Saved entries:
*** Block opens ***

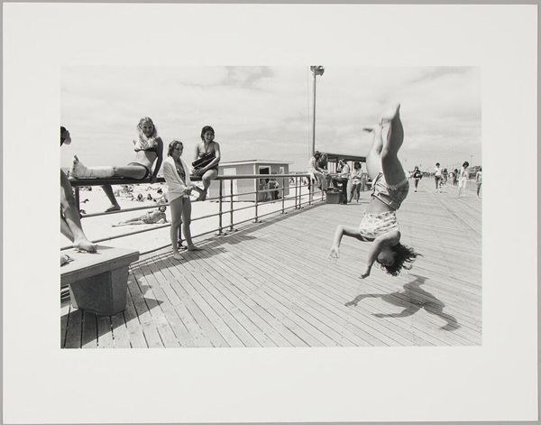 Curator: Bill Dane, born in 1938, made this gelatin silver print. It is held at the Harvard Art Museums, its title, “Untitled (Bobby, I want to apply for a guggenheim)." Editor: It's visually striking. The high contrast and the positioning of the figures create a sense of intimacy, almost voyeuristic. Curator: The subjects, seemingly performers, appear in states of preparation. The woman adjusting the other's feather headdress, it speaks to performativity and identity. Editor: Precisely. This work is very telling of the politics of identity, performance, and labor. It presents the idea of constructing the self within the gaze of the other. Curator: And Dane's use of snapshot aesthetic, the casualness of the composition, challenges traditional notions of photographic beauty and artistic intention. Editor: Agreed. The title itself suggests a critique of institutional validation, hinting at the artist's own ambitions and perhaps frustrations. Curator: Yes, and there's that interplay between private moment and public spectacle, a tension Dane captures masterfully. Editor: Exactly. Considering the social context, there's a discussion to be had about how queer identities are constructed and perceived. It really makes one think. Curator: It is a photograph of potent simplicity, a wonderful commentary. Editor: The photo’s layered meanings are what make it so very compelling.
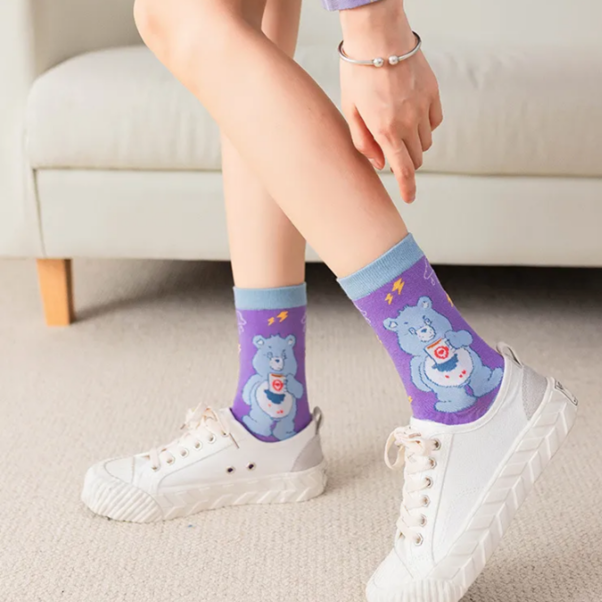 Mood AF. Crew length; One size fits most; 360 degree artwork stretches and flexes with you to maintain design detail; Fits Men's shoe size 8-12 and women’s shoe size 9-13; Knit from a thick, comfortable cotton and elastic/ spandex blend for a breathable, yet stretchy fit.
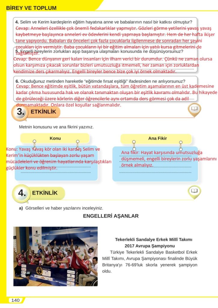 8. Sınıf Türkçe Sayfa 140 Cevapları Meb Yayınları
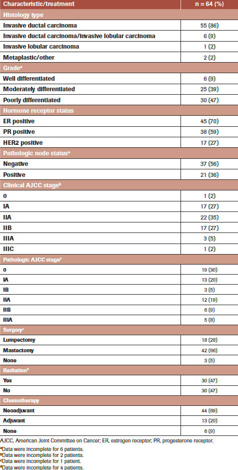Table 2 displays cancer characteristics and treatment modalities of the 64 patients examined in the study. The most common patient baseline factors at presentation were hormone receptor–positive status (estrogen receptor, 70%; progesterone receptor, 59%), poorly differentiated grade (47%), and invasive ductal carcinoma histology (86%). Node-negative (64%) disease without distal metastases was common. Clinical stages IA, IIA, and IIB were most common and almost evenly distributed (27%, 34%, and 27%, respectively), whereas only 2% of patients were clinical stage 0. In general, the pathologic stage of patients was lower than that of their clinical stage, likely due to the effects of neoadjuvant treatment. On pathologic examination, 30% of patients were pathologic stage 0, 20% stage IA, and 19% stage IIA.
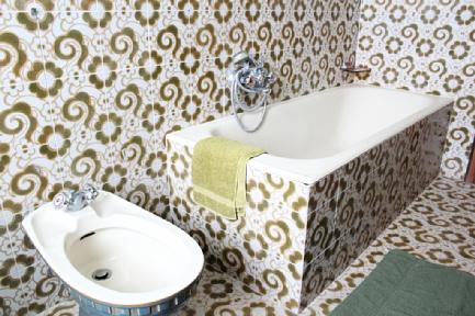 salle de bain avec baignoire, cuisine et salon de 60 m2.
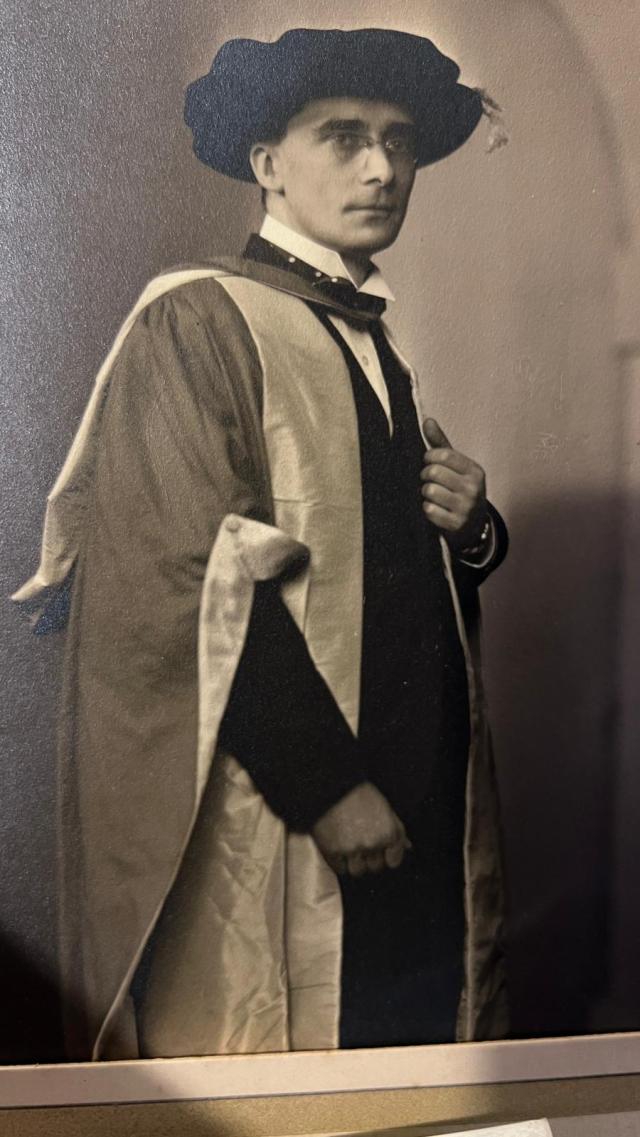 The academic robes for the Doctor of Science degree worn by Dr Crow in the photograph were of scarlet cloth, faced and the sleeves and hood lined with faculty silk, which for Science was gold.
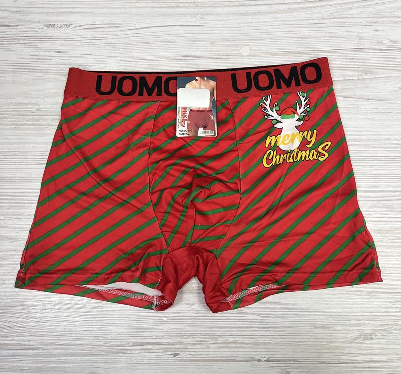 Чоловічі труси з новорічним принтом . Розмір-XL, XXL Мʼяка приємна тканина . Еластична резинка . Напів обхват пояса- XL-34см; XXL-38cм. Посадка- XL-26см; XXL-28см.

*** Block closes ***

**Exercise prompt:**
Up to and including the line containing "8. Sınıf Türkçe", repeat every line from the start of the data, but none of the pictures.

**Problem solution:**
 Curator: Bill Dane, born in 1938, made this gelatin silver print. It is held at the Harvard Art Museums, its title, “Untitled (Bobby, I want to apply for a guggenheim)." Editor: It's visually striking. The high contrast and the positioning of the figures create a sense of intimacy, almost voyeuristic. Curator: The subjects, seemingly performers, appear in states of preparation. The woman adjusting the other's feather headdress, it speaks to performativity and identity. Editor: Precisely. This work is very telling of the politics of identity, performance, and labor. It presents the idea of constructing the self within the gaze of the other. Curator: And Dane's use of snapshot aesthetic, the casualness of the composition, challenges traditional notions of photographic beauty and artistic intention. Editor: Agreed. The title itself suggests a critique of institutional validation, hinting at the artist's own ambitions and perhaps frustrations. Curator: Yes, and there's that interplay between private moment and public spectacle, a tension Dane captures masterfully. Editor: Exactly. Considering the social context, there's a discussion to be had about how queer identities are constructed and perceived. It really makes one think. Curator: It is a photograph of potent simplicity, a wonderful commentary. Editor: The photo’s layered meanings are what make it so very compelling.
 Mood AF. Crew length; One size fits most; 360 degree artwork stretches and flexes with you to maintain design detail; Fits Men's shoe size 8-12 and women’s shoe size 9-13; Knit from a thick, comfortable cotton and elastic/ spandex blend for a breathable, yet stretchy fit.
 8. Sınıf Türkçe Sayfa 140 Cevapları Meb Yayınları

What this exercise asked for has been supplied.